Malmuth formula for variance/hand estimate.

[BillChen]

So I haven't posted for a long time, I apologize.

Mason's formula presented in Gambling Theory has become the standard for estimating variance/hr or variance/hand, and is used in numerous spreadsheets, including all of mine. In fact Mark Weitzmann includes a proof that the formula is unbiased. It's pretty cool and useful, and I hope this post helps you better understand it.

One thing that I noticed is that for some players, the variance estimator seemed to be higher than taking data per-hand, one explaination is a serial correlation between hands, but there lies another explaination.

So I realized that using the Malmuth-Weitzman formula
per session is an unbiased estimator of variance *only
if* the session lengths don't depend on results. I'm
actually gonna post this to 2+2 at some point.

Like if you just plan to play 200 hands and quit, then
V = (result-mean)^2/200 is an unbiased estimate of
per hand variance. However, this is not so if your
session is result dependent, that is for example,
playing until you win or lose 50 bets. I would hope
nobody is selecting quitting times based
on how much we are up or down, but our opponents may
be doing this. For example playing heads-up you often don't have a choice of when to stop.

Let us take this simple example. Suppose there is a
series of coin flips, equal probability heads and
tails and the result is either +1 or -1 (mean 0).
It's clear the variance per flip is one. If you agree
to play a fixed N-length session then

V_i = result^2/N will have mean=1.

Hence we can just average the V_i's, without regard to
length.

However let us say our session is to keep flipping
until the someone is up two units.

Then there is a 1/2 chance the session lasts 2 flips,
since you need running heads or tails. Similarly
there is a 1/4 chance of 4 flips , A 1./8 chance of 6
flips etc.

So the average estimate for

V_i = result^2/N = 1/2 * 4/2 + 1/4 *4/4 + 1/8*4/6 ...

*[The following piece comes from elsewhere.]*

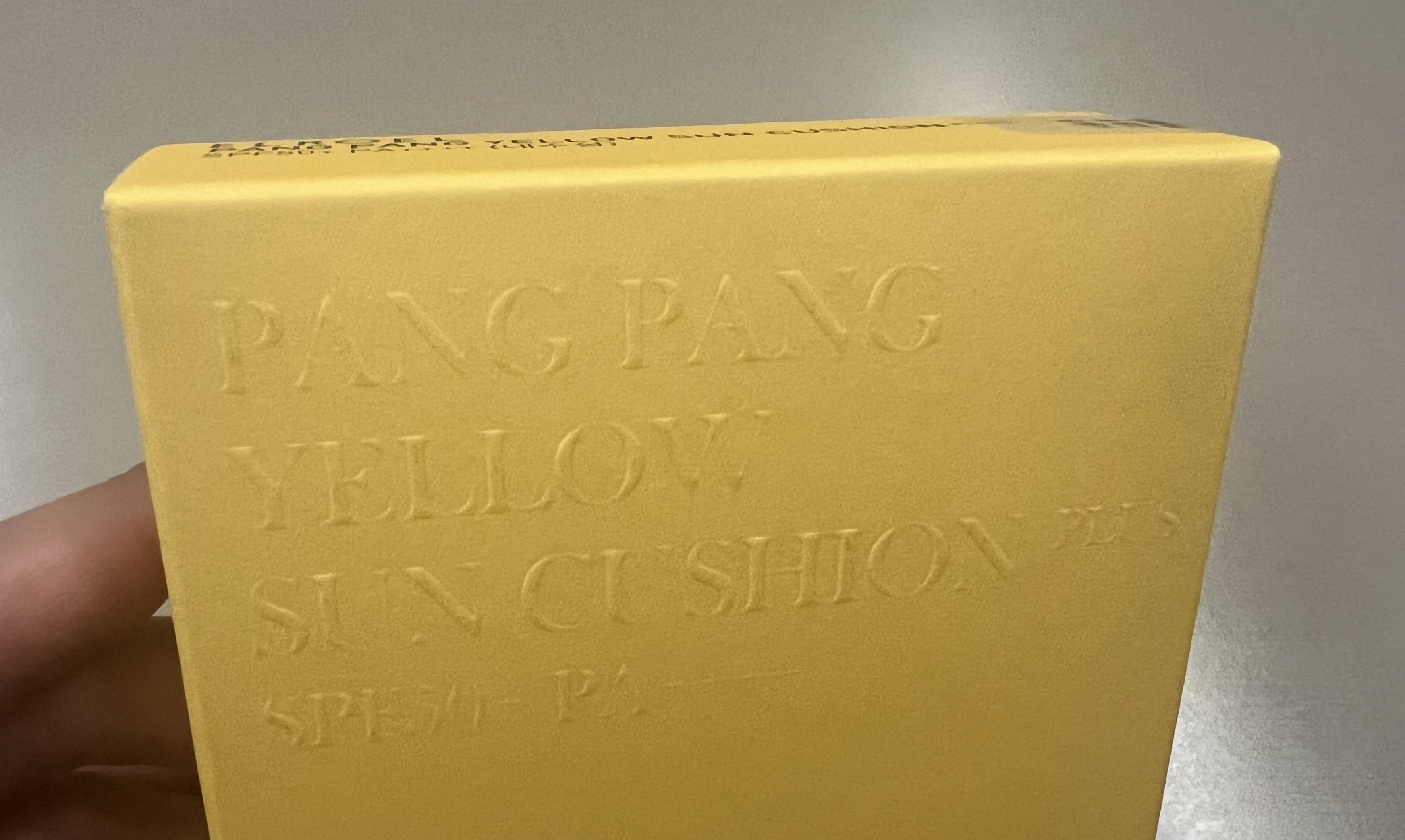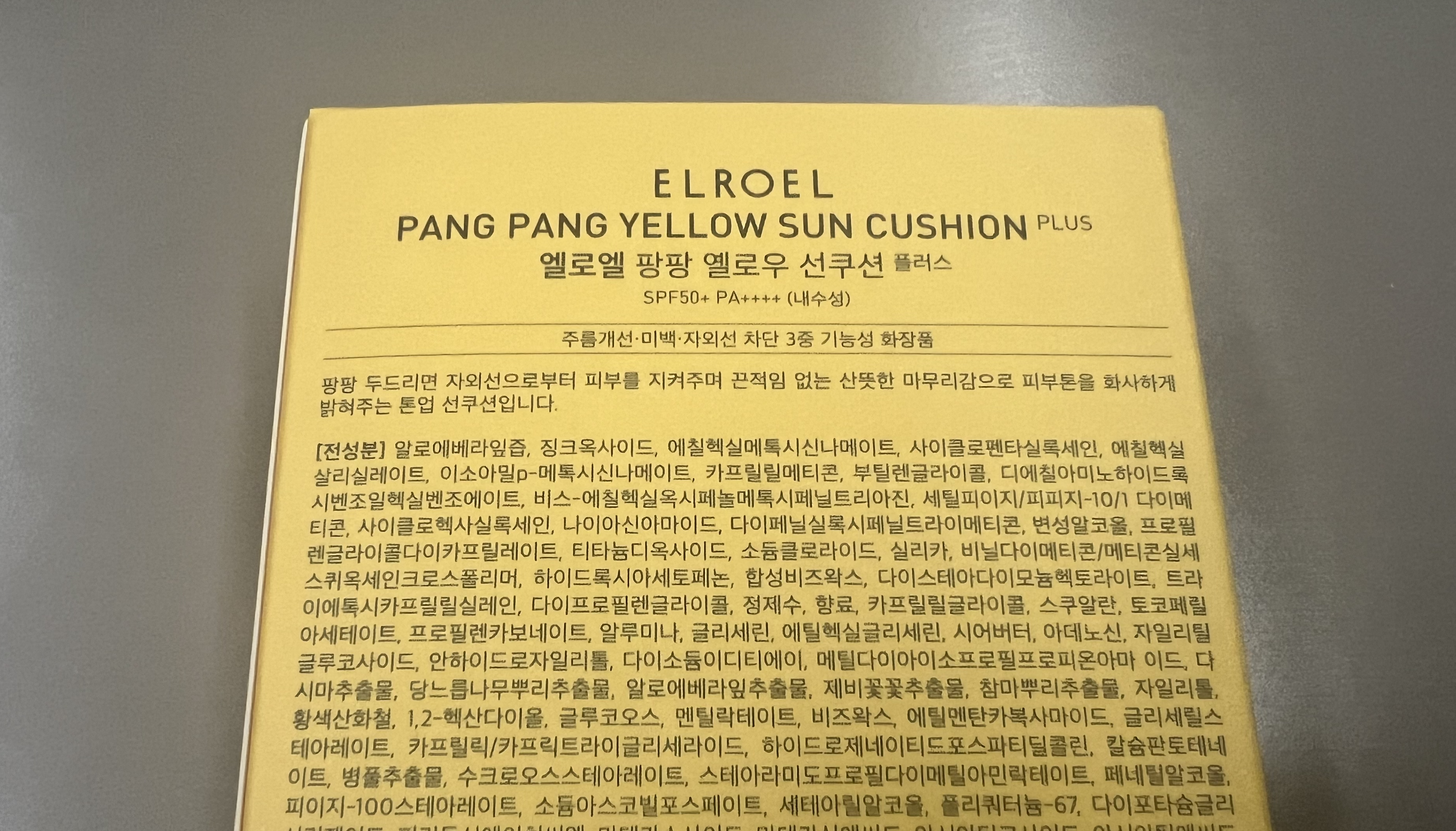 엘로엘 선쿠션은 노란색 박스에 담겨 있다. 자세히 보면 종이에 PANG PANG YELLOW SUN CUSHION 이라고 각인(?)되어 있다. 스펙을 간단하게 살펴 보자면 SPF50+PA++++ 내수성이다.

The first term already sums to 1. The above expression
actually sums to 2*ln(2) = 1.4..

Anyway the point is the estimate is bigger than 1.
The problem gets slightly worse if we pick a stopping
time of +/- 3 bets, etc.

Bill

[AaronBrown]

This is true. If you follow another strategy and quit after the first flip different from the previous flip (that is, if you win the first you keep playing until you lose one; if you lose the first you keep playing until you win one), your expected variance per turn is 0.54.

Looking at things another way, you can imagine a graph of 10,000 hands with a certain variance per hand. If I subdivide this series and compute the average variance per hand over each interval, I can get a big variance by picking peaks and troughs of the series, and a small variance by picking middle points.

I doubt this matters much in practice, however. There are lots of factors that go into a decision to quit. Some tend to raise variance (playing until you get some result one way or the other) and some tend to lower variance (riding streaks). Moreover, all of them hit up against limits, you run out of time or money or other players.